Vediamo come agisce il sapone nel rimuovere lo sporco dalla pelle.
Si consideri l'angolo teta (θ) formato dalla lente di sporco posizionata sulla pelle, che rappresenta la bagnabilità dei solidi rispetto ai liquidi.
Se questo angolo è minore di 90° la pelle è “bagnata” dal sudiciume, quindi lo sporco è strettamente adeso alla pelle.
Man mano che si esplica il fenomeno della detergenza, l'angolo teta (θ) aumenta fino ad arrivare ad un'ampiezza tra 90° e 180° gradi. Al termine dell'atto detergente, l'angolo θ è uguale a 180°, situazione in cui lo sporco è completamente staccato dalla pelle.
L'equazione della detersione spiega i rapporti esistenti tra le tensioni di superficie e l'angolo di bagnabilità.
Il coseno dell'angolo θ è uguale ad un rapporto: al numeratore si ha la γ Pelle/Detergente che sottrae la γ Pelle/Sporco. Al denominatore abbiamo la tensione superficiale tra Sporco/Water.
In altre parole, il coseno dell'angolo di contatto è uguale al rapporto che si crea tra la tensione detergente e pelle, meno la tensione pelle e sudiciume, e la tensione acqua - sudiciume.

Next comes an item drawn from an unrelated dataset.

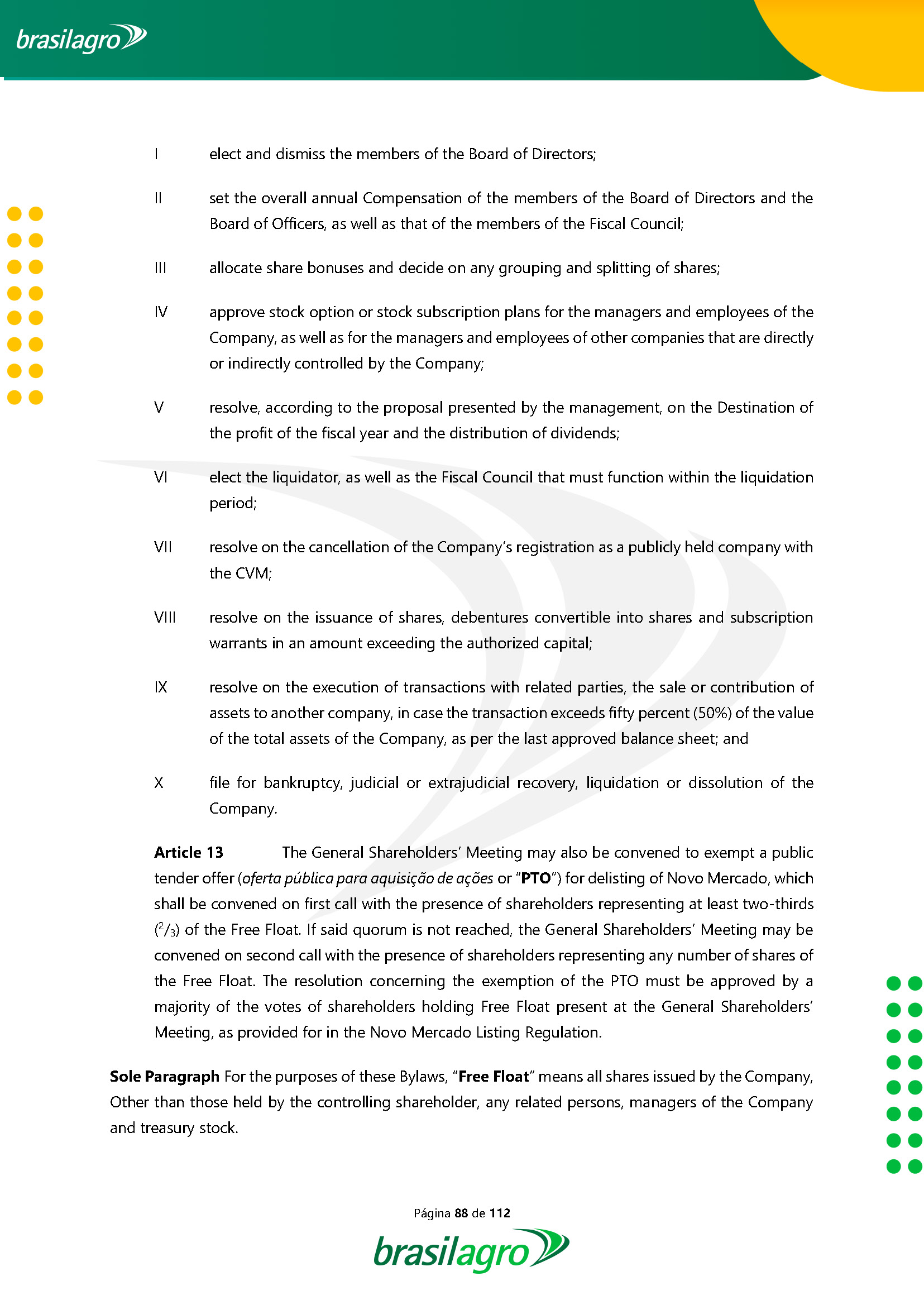 I Página 88 de 112 elect and dismiss the members of the Board of Directors; II set the overall annual Compensation of the members of the Board of Directors and the Board of Officers, as well as that of the members of the Fiscal Council; III allocate share bonuses and decide on any grouping and splitting of shares; IV approve stock option or stock subscription plans for the managers and employees of the Company, as well as for the managers and employees of other companies that are directly or indirectly controlled by the Company ; V resolve, according to the proposal presented by the management, on the Destination of the profit of the fiscal year and the distribution of dividends; VI elect the liquidator, as well as the Fiscal Council that must function within the liquidation period; VII resolve on the cancellation of the Company’s registration as a publicly held company with the CVM; VIII resolve on the issuance of shares, debentures convertible into shares and subscription warrants in an amount exceeding the authorized capital; IX resolve on the execution of transactions with related parties, the sale or contribution of assets to another company, in case the transaction exceeds fifty percent ( 50 % ) of the value of the total assets of the Company, as per the last approved balance sheet ; and X file for bankruptcy, judicial or extrajudicial recovery, liquidation or dissolution of the Company. Article 13 The General Shareholders’ Meeting may also be convened to exempt a public tender offer ( oferta pública para aquisição de ações or “ PTO ”) for delisting of Novo Mercado, which shall be convened on first call with the presence of shareholders representing at least two - thirds ( 2 / 3 ) of the Free Float . If said quorum is not reached, the General Shareholders’ Meeting may be convened on second call with the presence of shareholders representing any number of shares of the Free Float . The resolution concerning the exemption of the PTO must be approved by a majority of the votes of shareholders holding Free Float present at the General Shareholders’ Meeting, as provided for in the Novo Mercado Listing Regulation . Sole Paragraph For the purposes of these Bylaws, “ Free Float ” means all shares issued by the Company, Other than those held by the controlling shareholder, any related persons, managers of the Company and treasury stock .

Il coseno di θ è -1 quando l'angolo misura 180°. Se il coseno di θ misura -1 la tensione tra pelle e sudiciume è uguale a zero, perché il sudiciume si stacca.
Infine, la tensione tra pelle e detergente è uguale a - γ Sporco/Water.
Questi ultimi passaggi spiegano un concetto fondamentale: man mano che la detersione aumenta, la tensione tra pelle e detergente aumenta, mentre diminuisce la tensione superficiale tra sudiciume ed acqua.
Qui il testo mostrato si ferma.